Mr Coulthard said the company does take guests to reef areas where coral bleaching is visible, as guests are often more curious than deterred by it, and these experiences may actually be transformational.



Snorkel guide showing corals during an educational GBR tour | Image: Quicksilver

“When you have bleached coral it’s an initiator of a lot of discussion [with guests], based on not only what a coral is, but also why it’s lost its colour, the health of the reef and stressors from nearby land-based and ocean-based influences, and global climate change,” he said.

“This process of tourists seeing bleached coral on the reef is very, very powerful in changing attitudes and potentially giving them a chance to contribute to the solution.

“So, the bleaching really doesn’t affect where we go, but it really does have an influence on how we deliver messages to our guests.

“I think [by educating guests] we have great opportunity here to do good, especially when you consider the GBR has millions of tourists visiting every year.”

Reef Restoration

Reef Restoration Foundation CEO Ryan Donnelly said that both tourism and volunteers have played a vital role in supporting the restoration of the reef.

Coral reef bleaching and mortality at Fitzroy Island, after impacts of heat stress and cyclone Jasper  | Image: Cameron Bee, Reef Restoration Foundation

“Tourism is a great asset for the reef because they undertake a lot of monitoring and surveying. The Reef Authority even calls them the ‘eyes on the reef’,” Mr Donnelly said.

“Moreover, [our organisation] gets good work done with many reef restoration volunteers. Some partly assist just to be able to dive the reefs (for free), but they’re also very community-minded people, eager to contribute.

“We’re oversubscribed and closed registrations months ago, but we still receive daily volunteer requests from all around the world.

“This huge demand shows that the reef hasn’t lost its appeal, and a global community is seeking to optimistically [help the reef] during challenging times.”

Coral (Acropora sp.) growing in nursery for restoration | Image: Cameron Bee, Reef Restoration Foundation

Mr Donnelly said GBR tourist experiences are usually still very positive, with visitors starting from a different baseline of expectations.

“People sometimes get in the water thinking that it’s ‘last chance tourism’, because of how [the GBR] portrayed in the media. But the reality is more nuanced. When they get out, they often say it’s one of the best things they have ever done in their life.

“Maybe the day will come when it’s genuinely last chance tourism at the GBR, but right now we’re far from it.”

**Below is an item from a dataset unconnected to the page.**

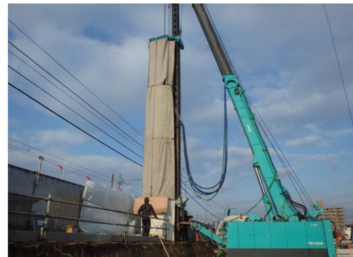
施工全景 軌道近接施工
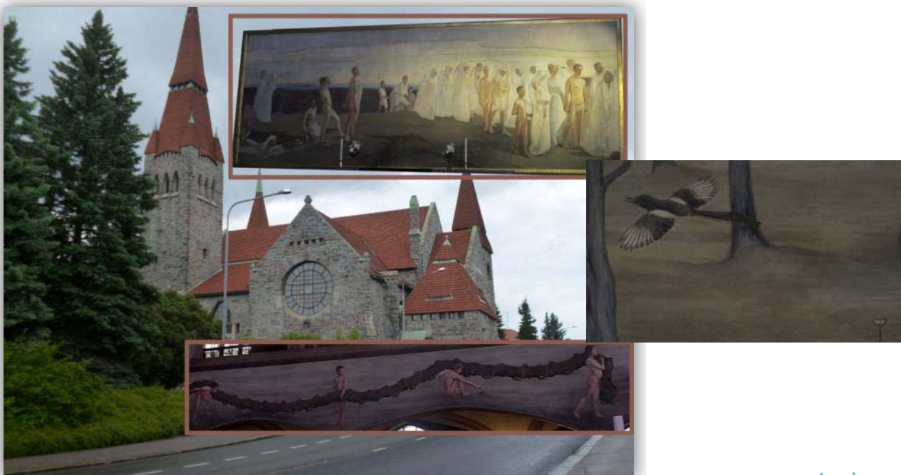
Der Dom in Tempere

Wir fuhren Richtung Turko, wo unsere Fähre nach Stockholm abgehen soll. Bei einem Zwischenstopp in Tempere besichtigten wir noch den Dom, der im Jugendstil errichtet wurde, und erhielten noch einige Erklärungen zu den eigenwilligen Bildern, mit denen der Maler die Kirche ausgestattet hat. (Hinter dem Altar ist ein Bild, auf dem der Jüngste Tag abgebildet ist). An den Emporen sind die 12 Apostel als Jünglinge dargestellt, ganz hinten Judas und die wegfliegende Elster soll die Scham symbolisieren)

Biased Reporting & Recovery

Reminding us that warming oceans and coral bleaching are global issues, Mr Coulthard has warned against negative and alarmist media reporting, which he believes stems from the reef being the world’s most famous and well-documented reef system.

“If you get a little bit of bleaching on the reef, the entire 2700km length of the reef is [reported as] dead – very different than for reefs elsewhere, that often go unnoticed,” he said.

“Considering all stressors, the reef actually is considerably healthy – a lot better than what most people imagine it to be.

“Remember that the reef also recovers.  I surveyed a location just yesterday, and the corals that were bleached six weeks ago have fully recovered.

“Bleaching events are a concern, but I think if any reef has a chance of surviving because it’s so vast, biodiverse, and resilient.”

Ms Quinlan believes that more should be done to improve the reef’s situation.

“I’m sure lots of my peers have dove or snorkelled the reef in their lifetime, either with family or university friends – I know lots of my friends have,” she said.

“That’s not going to be an option if this continues, … it’s going to be all covered in algae with no fish.

“I think Australia could do better to be honest. As such an educated country with so many resources, there’s so much opportunity to protect it.”